Using the Polling API

For more control, you can use the traditional polling approach:

use pg_walstream::{
    LogicalReplicationStream, ReplicationStreamConfig, RetryConfig, StreamingMode,
    SharedLsnFeedback, CancellationToken,
};
use std::sync::Arc;
use std::time::Duration;

#[tokio::main]
async fn main() -> Result<(), Box<dyn std::error::Error>> {
    let config = ReplicationStreamConfig::new(
        "my_slot".to_string(),
        "my_publication".to_string(),
        2, StreamingMode::On,
        Duration::from_secs(10),
        Duration::from_secs(30),
        Duration::from_secs(60),
        RetryConfig::default(),
    );

    let mut stream = LogicalReplicationStream::new(
        "postgresql://postgres:password@localhost:5432/mydb?replication=database",
        config,
    ).await?;

    stream.start(None).await?;

    let cancel_token = CancellationToken::new();

    // Traditional polling loop with automatic retry
    loop {
        match stream.next_event_with_retry(&cancel_token).await {
            Ok(event) => {
                println!("Received event: {:?}", event);
                stream.shared_lsn_feedback.update_applied_lsn(event.lsn.value());
            }
            Err(e) if matches!(e, pg_walstream::ReplicationError::Cancelled(_)) => {
                println!("Cancelled, shutting down gracefully");
                break;
            }
            Err(e) => {
                eprintln!("Error: {}", e);
                break;
            }
        }
    }

    Ok(())
}

LSN Tracking

Thread-safe LSN tracking for feedback to PostgreSQL:

use pg_walstream::SharedLsnFeedback;
use std::sync::Arc;

let feedback = SharedLsnFeedback::new_shared();

// Producer thread: read LSN from feedback
let (flushed_lsn, applied_lsn) = feedback.get_feedback_lsn();

// Consumer thread: update LSN after processing
feedback.update_applied_lsn(commit_lsn);

PostgreSQL Setup

Before using this library, you need to configure PostgreSQL for replication:

1. Configure PostgreSQL

Edit postgresql.conf:

wal_level = logical
max_replication_slots = 4
max_wal_senders = 4

Restart PostgreSQL after making these changes.

2. Create a Publication

-- Create a publication for specific tables
CREATE PUBLICATION my_publication FOR TABLE users, orders;

-- Or publish all tables
CREATE PUBLICATION my_publication FOR ALL TABLES;

3. Create Replication User

-- Create a user with replication privileges
CREATE USER replication_user WITH REPLICATION PASSWORD 'secure_password';

-- Grant necessary permissions
GRANT SELECT ON ALL TABLES IN SCHEMA public TO replication_user;
GRANT USAGE ON SCHEMA public TO replication_user;

4. Replication Slot Options

The library provides full control over replication slot creation. The correct SQL syntax is automatically selected based on the connected PostgreSQL version:

PG14: Legacy positional keyword syntax (EXPORT_SNAPSHOT, NOEXPORT_SNAPSHOT, USE_SNAPSHOT, TWO_PHASE, RESERVE_WAL)
PG15+: Modern parenthesized options syntax ((SNAPSHOT 'export', TWO_PHASE true, ...))

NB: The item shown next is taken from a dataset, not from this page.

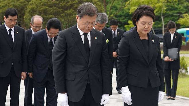 문재인 대통령과 부인 김정숙 여사가 제40주년 5·18 민주화운동 기념일인 18일 광주 북구 5·18 민주묘지 제2묘역에 분향한 후 묵념하고 있다.

Option	Description	PG Version
`temporary`	Temporary slot (not persisted to disk, dropped on disconnect)	14+
`two_phase`	Enable two-phase commit for logical slots	14+
`reserve_wal`	Reserve WAL immediately for physical slots	14+
`snapshot`	Snapshot behavior: `"export"`, `"use"`, or `"nothing"`	14+
`failover`	Enable slot synchronization to standbys for HA	16+

Note: If both two_phase and snapshot are set, two_phase takes priority. The failover option is not available on PG14 and will return an error.

Examples

The examples/ directory contains runnable examples demonstrating various usage patterns:

Example	Description
`basic-streaming`	High-level `futures::Stream` API with stream combinators (`filter`, `take_while`)
`polling`	Manual polling loop using `next_event()` for custom integration scenarios
`safe-transaction-consumer`	Production-grade transaction-aware CDC consumer with ordered commits and safe LSN feedback
`rate-limited-streaming`	Rate-limited consumption using `tokio_stream::StreamExt::throttle`
`tokio-spawn-streaming`	Producer/consumer pattern via `tokio::spawn` with `mpsc` channel (demonstrates `Send` safety)
`pg-basebackup`	Full physical backup tool using `BASE_BACKUP` with tar extraction and progress reporting
`arbitrary-fuzzing`	Property-based fuzzing of all protocol types using the `arbitrary` crate

Message Types

The library supports all PostgreSQL logical replication message types:

Protocol Version 1 Messages

BEGIN: Transaction start
COMMIT: Transaction commit
ORIGIN: Replication origin
RELATION: Table schema definition
TYPE: Data type definition
INSERT: Row insertion
UPDATE: Row update
DELETE: Row deletion
TRUNCATE: Table truncation
MESSAGE: Generic message

Protocol Version 2+ Messages (Streaming)

STREAM_START: Streaming transaction start
STREAM_STOP: Streaming transaction segment end
STREAM_COMMIT: Streaming transaction commit
STREAM_ABORT: Streaming transaction abort

Protocol Version 3+ Messages (Two-Phase Commit)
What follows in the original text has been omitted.